## WHAT IS NEEDED
Please restate word for word the lines of the entries below from the one with "Súčasťou parku je" to the one with "Na área da horta, os", inclusive, and leave out every picture.

## MATERIAL TO PROCESS
──────────────────────────────
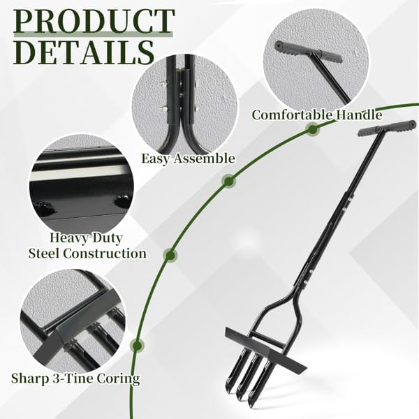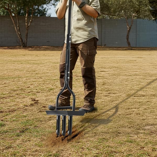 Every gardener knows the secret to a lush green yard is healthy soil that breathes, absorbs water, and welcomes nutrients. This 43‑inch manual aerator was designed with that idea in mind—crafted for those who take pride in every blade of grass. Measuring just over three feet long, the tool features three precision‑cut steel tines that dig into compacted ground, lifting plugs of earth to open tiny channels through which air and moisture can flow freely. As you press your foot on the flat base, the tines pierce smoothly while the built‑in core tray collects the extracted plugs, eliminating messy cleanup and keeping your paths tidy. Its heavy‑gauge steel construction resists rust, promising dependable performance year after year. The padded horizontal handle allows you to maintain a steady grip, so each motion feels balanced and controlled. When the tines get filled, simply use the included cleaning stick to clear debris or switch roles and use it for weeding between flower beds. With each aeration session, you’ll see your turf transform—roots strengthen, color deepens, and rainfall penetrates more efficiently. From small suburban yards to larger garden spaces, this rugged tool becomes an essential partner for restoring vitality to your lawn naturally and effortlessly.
──────────────────────────────
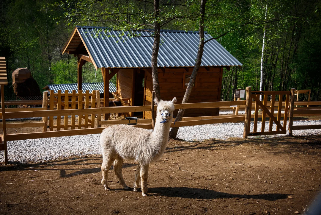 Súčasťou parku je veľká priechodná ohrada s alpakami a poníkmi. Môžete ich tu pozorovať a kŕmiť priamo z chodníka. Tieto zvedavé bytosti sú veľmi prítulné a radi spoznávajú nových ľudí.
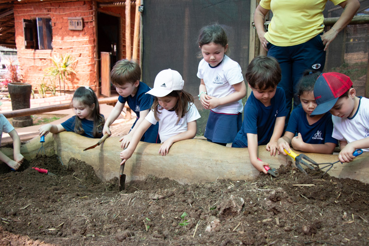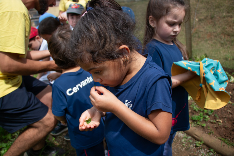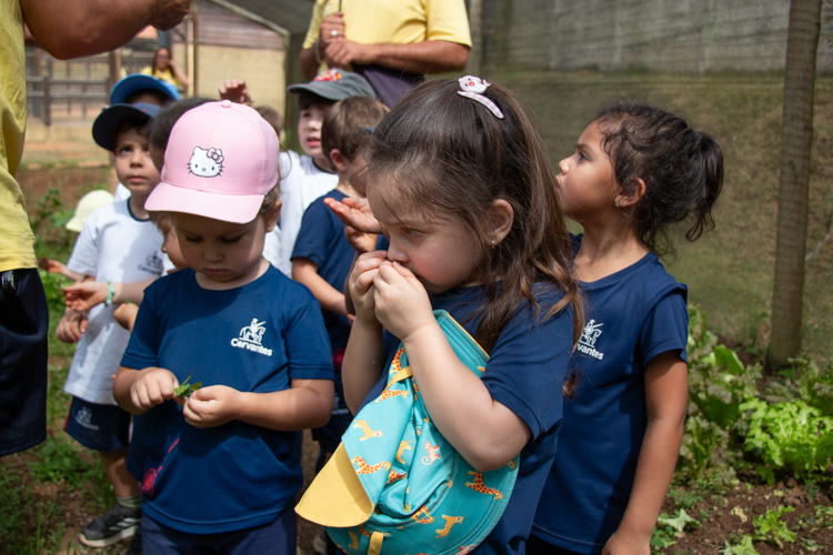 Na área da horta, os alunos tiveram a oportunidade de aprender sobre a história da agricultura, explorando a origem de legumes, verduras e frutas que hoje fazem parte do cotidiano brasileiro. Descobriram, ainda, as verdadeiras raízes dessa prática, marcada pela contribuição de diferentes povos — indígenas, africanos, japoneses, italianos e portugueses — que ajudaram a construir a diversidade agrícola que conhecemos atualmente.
──────────────────────────────
## EXERCISE RESULT
 Súčasťou parku je veľká priechodná ohrada s alpakami a poníkmi. Môžete ich tu pozorovať a kŕmiť priamo z chodníka. Tieto zvedavé bytosti sú veľmi prítulné a radi spoznávajú nových ľudí.
 Na área da horta, os alunos tiveram a oportunidade de aprender sobre a história da agricultura, explorando a origem de legumes, verduras e frutas que hoje fazem parte do cotidiano brasileiro. Descobriram, ainda, as verdadeiras raízes dessa prática, marcada pela contribuição de diferentes povos — indígenas, africanos, japoneses, italianos e portugueses — que ajudaram a construir a diversidade agrícola que conhecemos atualmente.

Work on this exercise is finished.